# Oak Chips vs. Oak Essence



## JoeCal1952 (Jul 21, 2015)

*Hello folks!
I actually wrote an article on how to use the FastFerment for wine making, but I have run into issues regarding the adding of the oak that comes with kits such as WineExpert. When I add the oak directly to the FastFerment, I run into problems with the chips clogging the valve at the bottom, and when I am ready to bottle, there are always some chips stuck in the bottle filler hose causing me grief. OK, This latest wine that I have not yet started is a Cabernet from WinExpert. I also ordered a mesh bag and a bottle of oak essence. I really want to use the oak that came with the kit, but there is no way to secure the mesh bag anyplace. If I just throw the bag into the wine, it will sink to the bottom and stop the lees from falling into the collection ball. If I tie a string around the mesh bag and wrap the string around the top of the vessel, when I put the lid on, there is an area there that is not completely air tight because of the string. So, after all that you have read, my question is, can I forego the oak chips completely, maybe add some tannin, then add the entire 4 oz. bottle of oak essence when it is time to bottle. I am not looking for an award winner here, just a good drinkable Cab. Oak cubes and spirals also have their own problems with the FastFerment. Sorry I bought it!
Advice???*


----------



## Kraffty (Jul 21, 2015)

How about a plastic bucket instead this time around. Maybe use the FastFerment as a secondary?
Mike


----------



## sour_grapes (Jul 21, 2015)

I cannot recall your situation precisely: You do the entire alcoholic fermentation in the fastferment, but age in a carboy, right?

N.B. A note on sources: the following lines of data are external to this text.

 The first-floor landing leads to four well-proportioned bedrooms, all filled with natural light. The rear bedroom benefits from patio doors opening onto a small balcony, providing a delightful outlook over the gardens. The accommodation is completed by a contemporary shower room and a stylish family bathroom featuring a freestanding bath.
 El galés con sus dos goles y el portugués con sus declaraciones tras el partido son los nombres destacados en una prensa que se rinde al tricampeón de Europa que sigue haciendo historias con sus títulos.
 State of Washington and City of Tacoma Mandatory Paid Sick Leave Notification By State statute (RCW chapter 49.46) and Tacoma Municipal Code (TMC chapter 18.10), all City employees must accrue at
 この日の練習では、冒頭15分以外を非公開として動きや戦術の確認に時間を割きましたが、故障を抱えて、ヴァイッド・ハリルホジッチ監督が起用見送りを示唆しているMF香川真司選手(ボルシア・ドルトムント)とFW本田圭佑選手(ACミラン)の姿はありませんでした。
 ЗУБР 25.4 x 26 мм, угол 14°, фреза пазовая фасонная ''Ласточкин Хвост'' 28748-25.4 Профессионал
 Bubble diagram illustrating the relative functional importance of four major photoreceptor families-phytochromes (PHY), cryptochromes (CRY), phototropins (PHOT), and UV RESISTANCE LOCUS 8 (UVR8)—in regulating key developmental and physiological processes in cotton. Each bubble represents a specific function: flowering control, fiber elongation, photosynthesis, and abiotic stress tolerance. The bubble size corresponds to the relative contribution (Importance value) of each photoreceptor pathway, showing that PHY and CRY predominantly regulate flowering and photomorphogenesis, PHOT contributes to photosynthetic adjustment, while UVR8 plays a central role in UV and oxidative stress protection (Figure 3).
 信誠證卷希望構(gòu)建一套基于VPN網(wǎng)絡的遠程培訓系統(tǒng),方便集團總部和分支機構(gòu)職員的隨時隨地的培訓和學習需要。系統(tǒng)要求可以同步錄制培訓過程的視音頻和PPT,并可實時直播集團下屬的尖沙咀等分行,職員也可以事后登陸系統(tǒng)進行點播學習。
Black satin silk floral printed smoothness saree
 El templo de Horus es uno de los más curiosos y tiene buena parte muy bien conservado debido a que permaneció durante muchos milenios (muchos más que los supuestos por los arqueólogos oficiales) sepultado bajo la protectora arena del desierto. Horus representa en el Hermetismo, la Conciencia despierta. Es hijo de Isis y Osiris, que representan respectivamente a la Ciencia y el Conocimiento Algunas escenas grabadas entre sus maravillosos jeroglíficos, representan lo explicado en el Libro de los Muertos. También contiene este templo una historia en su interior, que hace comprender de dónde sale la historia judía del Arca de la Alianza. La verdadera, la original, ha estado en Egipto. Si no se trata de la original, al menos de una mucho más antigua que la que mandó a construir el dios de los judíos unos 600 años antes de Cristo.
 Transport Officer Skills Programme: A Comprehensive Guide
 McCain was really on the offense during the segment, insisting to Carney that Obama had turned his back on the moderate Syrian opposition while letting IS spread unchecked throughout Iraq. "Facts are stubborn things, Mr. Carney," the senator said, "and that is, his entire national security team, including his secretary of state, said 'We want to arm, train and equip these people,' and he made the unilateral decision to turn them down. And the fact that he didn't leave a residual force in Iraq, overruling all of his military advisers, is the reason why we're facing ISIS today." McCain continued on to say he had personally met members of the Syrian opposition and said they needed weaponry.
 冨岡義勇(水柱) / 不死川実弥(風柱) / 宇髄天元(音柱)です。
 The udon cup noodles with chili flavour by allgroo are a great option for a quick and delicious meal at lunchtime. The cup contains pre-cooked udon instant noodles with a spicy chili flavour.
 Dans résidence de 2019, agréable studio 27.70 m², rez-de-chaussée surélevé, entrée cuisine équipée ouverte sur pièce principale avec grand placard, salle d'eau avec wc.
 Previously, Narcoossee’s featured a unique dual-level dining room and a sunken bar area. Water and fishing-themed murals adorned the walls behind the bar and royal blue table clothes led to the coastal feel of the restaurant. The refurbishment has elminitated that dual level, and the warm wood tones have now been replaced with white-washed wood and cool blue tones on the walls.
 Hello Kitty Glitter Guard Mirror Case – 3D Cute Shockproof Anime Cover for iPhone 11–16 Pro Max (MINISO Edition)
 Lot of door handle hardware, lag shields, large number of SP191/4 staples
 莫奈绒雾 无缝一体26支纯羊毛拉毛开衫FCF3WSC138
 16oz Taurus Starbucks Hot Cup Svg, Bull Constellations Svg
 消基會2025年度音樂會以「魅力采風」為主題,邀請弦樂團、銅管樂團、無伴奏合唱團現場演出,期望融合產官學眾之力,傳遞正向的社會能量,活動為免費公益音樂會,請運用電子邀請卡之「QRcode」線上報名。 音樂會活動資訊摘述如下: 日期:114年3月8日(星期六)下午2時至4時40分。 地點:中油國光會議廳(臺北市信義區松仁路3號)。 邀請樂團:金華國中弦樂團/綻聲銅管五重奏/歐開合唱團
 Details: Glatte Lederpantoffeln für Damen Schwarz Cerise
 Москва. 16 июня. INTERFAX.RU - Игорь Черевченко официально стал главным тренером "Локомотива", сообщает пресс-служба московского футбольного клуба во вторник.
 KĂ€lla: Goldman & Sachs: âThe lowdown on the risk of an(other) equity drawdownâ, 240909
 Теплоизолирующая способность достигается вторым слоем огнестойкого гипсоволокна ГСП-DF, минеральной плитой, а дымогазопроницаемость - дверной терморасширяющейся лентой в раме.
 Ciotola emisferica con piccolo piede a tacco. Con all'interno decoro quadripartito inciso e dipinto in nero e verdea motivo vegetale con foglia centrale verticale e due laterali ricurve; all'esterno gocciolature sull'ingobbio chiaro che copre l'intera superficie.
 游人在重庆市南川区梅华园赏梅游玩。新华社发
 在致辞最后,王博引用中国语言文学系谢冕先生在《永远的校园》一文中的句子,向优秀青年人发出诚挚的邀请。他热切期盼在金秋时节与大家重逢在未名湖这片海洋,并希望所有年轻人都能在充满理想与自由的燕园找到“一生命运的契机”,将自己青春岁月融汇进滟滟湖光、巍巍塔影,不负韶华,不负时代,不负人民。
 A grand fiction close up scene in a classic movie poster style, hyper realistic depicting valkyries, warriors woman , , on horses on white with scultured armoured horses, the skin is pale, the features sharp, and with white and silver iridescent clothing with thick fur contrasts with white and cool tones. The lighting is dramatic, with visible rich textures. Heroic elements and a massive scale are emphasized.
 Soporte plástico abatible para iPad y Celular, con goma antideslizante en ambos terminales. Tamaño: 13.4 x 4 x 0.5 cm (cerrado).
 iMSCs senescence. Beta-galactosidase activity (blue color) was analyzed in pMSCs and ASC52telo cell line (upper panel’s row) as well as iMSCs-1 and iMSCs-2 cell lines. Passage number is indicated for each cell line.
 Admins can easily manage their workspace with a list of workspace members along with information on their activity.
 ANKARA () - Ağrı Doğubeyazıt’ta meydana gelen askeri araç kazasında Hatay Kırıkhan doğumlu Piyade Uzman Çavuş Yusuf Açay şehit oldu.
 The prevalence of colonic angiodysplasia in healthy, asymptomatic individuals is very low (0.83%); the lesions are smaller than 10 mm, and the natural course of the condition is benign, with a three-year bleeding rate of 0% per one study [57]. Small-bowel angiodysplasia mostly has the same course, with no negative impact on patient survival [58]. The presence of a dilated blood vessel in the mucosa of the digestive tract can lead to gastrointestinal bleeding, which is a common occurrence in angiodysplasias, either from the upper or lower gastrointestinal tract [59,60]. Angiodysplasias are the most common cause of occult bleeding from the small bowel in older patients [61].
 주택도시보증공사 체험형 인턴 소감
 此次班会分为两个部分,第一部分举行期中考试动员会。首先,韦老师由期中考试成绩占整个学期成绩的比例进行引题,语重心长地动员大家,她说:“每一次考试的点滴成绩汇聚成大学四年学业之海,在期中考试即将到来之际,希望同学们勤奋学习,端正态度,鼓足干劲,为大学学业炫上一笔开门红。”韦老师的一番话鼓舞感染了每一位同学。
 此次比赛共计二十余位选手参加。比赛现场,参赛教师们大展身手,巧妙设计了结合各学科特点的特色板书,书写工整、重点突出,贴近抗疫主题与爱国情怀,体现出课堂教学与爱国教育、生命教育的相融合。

I would be tempted to use powdered tannin during fermentation (like FT Rouge). As I understand it, the oak (or tannin powder) during fermentation is sacrificial, rather than for flavor, so either should suffice. I would then add any desired oak to your aging vessel.

Just my thoughts!


----------



## JoeCal1952 (Jul 21, 2015)

Kraffty said:


> How about a plastic bucket instead this time around. Maybe use the FastFerment as a secondary?
> Mike



Sounds like a plan - I haven't started this batch yet so I have time to obtain a bucket. Thanks for the suggestion.


----------



## wineinmd (Jul 21, 2015)

Tape the string for the mesh bag to the inside of the FF.


----------



## JoeCal1952 (Jul 21, 2015)

sour_grapes said:


> I cannot recall your situation precisely: You do the entire alcoholic fermentation in the fastferment, but age in a carboy, right?
> 
> I would be tempted to use powdered tannin during fermentation (like FT Rouge). As I understand it, the oak (or tannin powder) during fermentation is sacrificial, rather than for flavor, so either should suffice. I would then add any desired oak to your aging vessel.
> 
> Just my thoughts!



Well, I had got in touch with the guy who invented this fastferment and he does the entire fermentation in the fastferment, no carboy. I figured he would know best since he created the original conical vessel, but I am having tons of issues with oak clogging the valve, and as I already stated, there is no place to tie a mesh bag without losing the ability to keep this vessel airtight. I have made all my wine by dropping the oak directly into the vessel. All wines turned out fine but there were bottling issues. A few pieces of oak would always get left behind somewhere in that valve, or stuck to the side of the vessel, and come out and clog the filler hose...


----------



## JoeCal1952 (Jul 21, 2015)

wineinmd said:


> Tape the string for the mesh bag to the inside of the FF.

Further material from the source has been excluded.